__Exercise requirements__
An exact copy is needed of the lines from the one that contains "This bookshelf-themed bathroom" through the final line of the data below, with pictures left out.

____ Exercise data

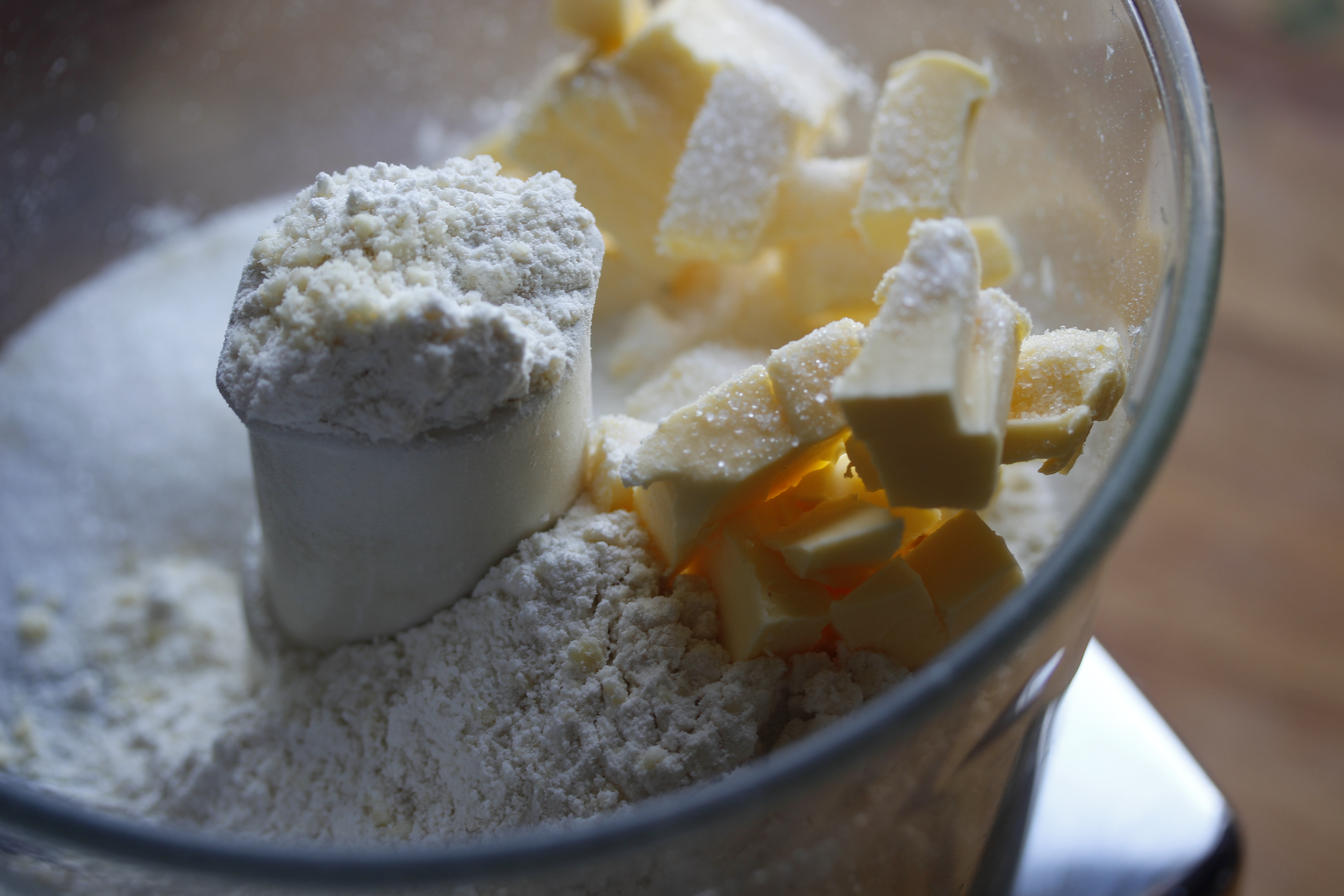 Svo vigtaði ég 200 g af hveiti og 50 g af möndlumjölinu og setti í matvinnsluvélina, ásamt 120 g af köldu smjöri, skornu í smábita, 3 msk af sykri og svolitlu salti. Lét vélina ganga þar til allt var orðið að fíngerðri mylsnu og bætti svo ísköldu vatni út í smátt og smátt (líklega svona 1 1/2 msk í allt) þar til auðvelt var að hnoða deigið saman og hægt að fletja það út en það var þó fremur lint og meðfærilegt, alls ekki þurrt eða stíft.
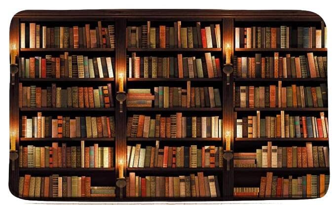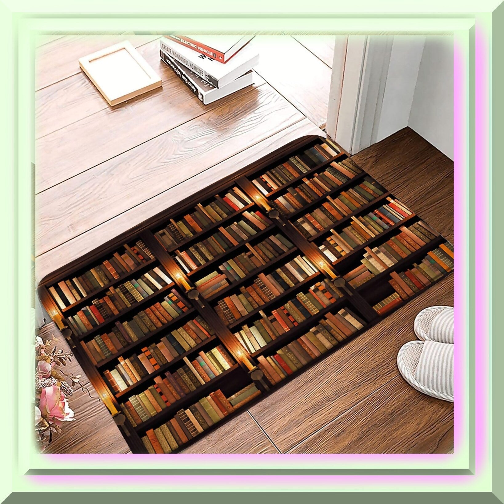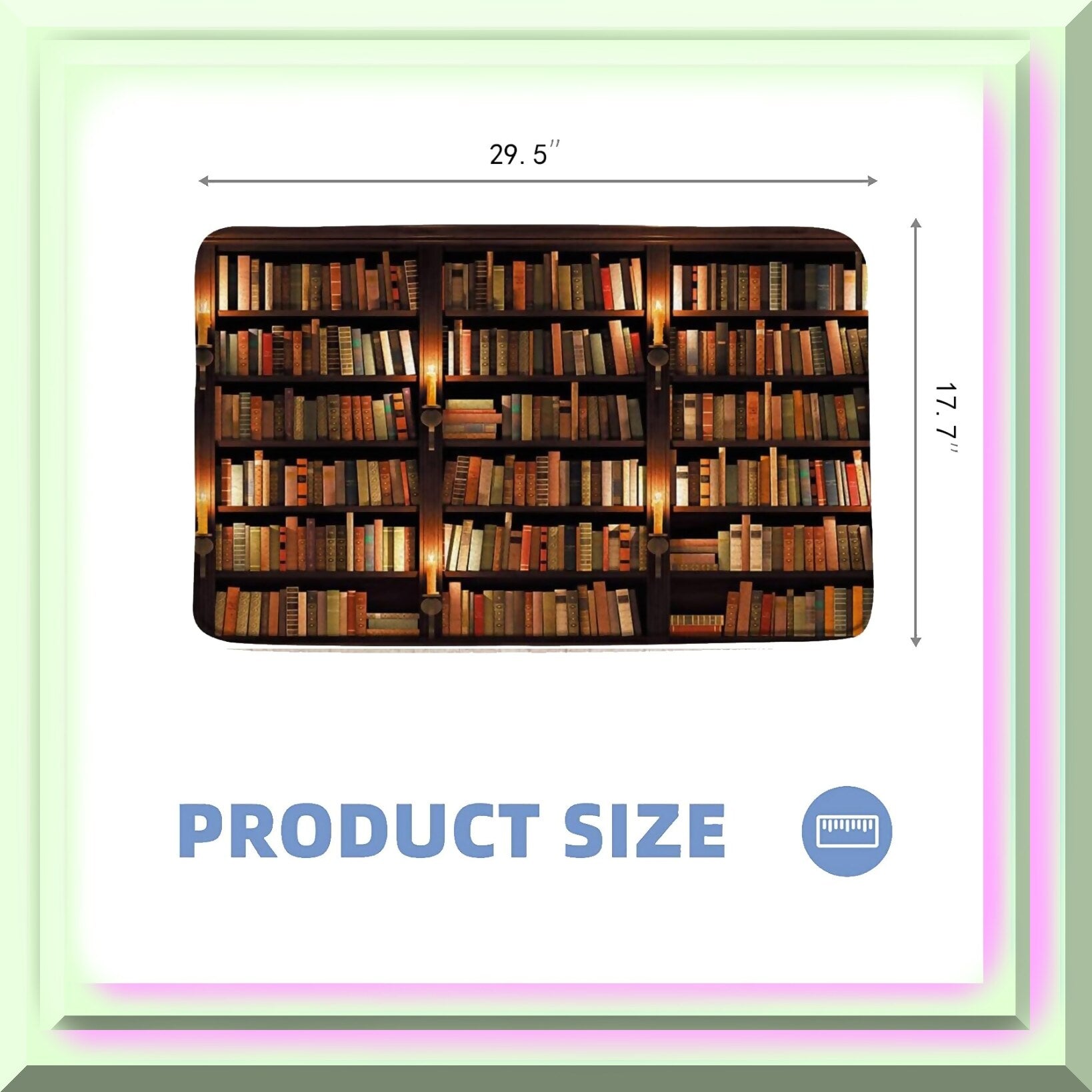 This bookshelf-themed bathroom mat measures 17.7" x 29.5" and features vibrant colors and vivid pattern printing that add a lively touch to any space. Made from polyester flocking, the soft fluff provides comfort, soothes tired feet, and helps protect toes from cold floors. Its stylish design complements various decors, enhancing the overall aesthetic of your living room, bedroom, or bathroom. Besides serving as a bathroom mat, it can also be used as a pet mat, effectively scraping water stains and dust from pets' paws while offering a cozy spot for pets to play or rest, especially during cold winter days. The mat's durable material ensures long-lasting use, and its attractive appearance makes it a versatile addition to your home decor. Please note that due to manual measurement, slight size variations may occur, but these do not affect the overall quality and functionality of the product.
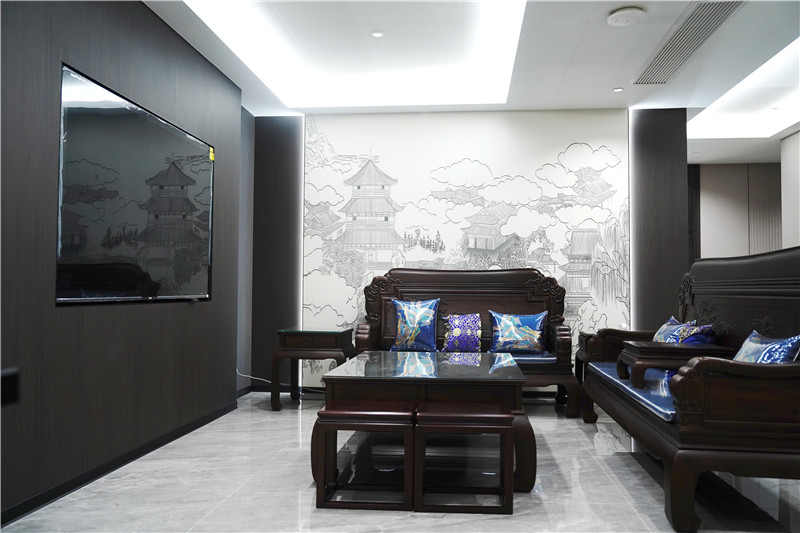 步入客廳,恢弘氣度,空間豁然開朗。以9A木上墻做簡約吊頂,線條利落流暢,與同色系背景墻、定制門柜無縫銜接,視覺延展性極強(qiáng),盡顯開闊。背景墻紋理含蓄而富有質(zhì)感,與整體空間色調(diào)和諧共生,奠定新中式沉穩(wěn)大氣的基調(diào)。
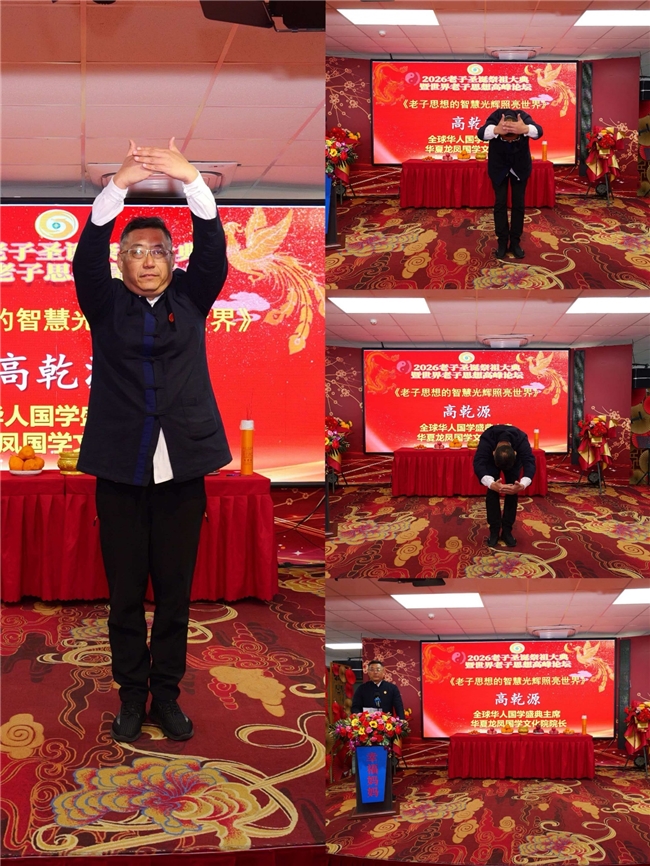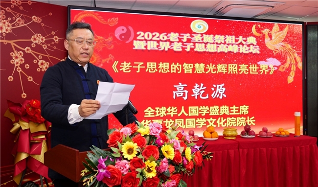 全球华人国学盛典主席、华夏龙凤国学文化院院长高乾源发表《老子思想的智慧光辉照亮世界》主旨演讲,全文如下:

________

__Written answer__
 This bookshelf-themed bathroom mat measures 17.7" x 29.5" and features vibrant colors and vivid pattern printing that add a lively touch to any space. Made from polyester flocking, the soft fluff provides comfort, soothes tired feet, and helps protect toes from cold floors. Its stylish design complements various decors, enhancing the overall aesthetic of your living room, bedroom, or bathroom. Besides serving as a bathroom mat, it can also be used as a pet mat, effectively scraping water stains and dust from pets' paws while offering a cozy spot for pets to play or rest, especially during cold winter days. The mat's durable material ensures long-lasting use, and its attractive appearance makes it a versatile addition to your home decor. Please note that due to manual measurement, slight size variations may occur, but these do not affect the overall quality and functionality of the product.
 步入客廳,恢弘氣度,空間豁然開朗。以9A木上墻做簡約吊頂,線條利落流暢,與同色系背景墻、定制門柜無縫銜接,視覺延展性極強(qiáng),盡顯開闊。背景墻紋理含蓄而富有質(zhì)感,與整體空間色調(diào)和諧共生,奠定新中式沉穩(wěn)大氣的基調(diào)。
 全球华人国学盛典主席、华夏龙凤国学文化院院长高乾源发表《老子思想的智慧光辉照亮世界》主旨演讲,全文如下:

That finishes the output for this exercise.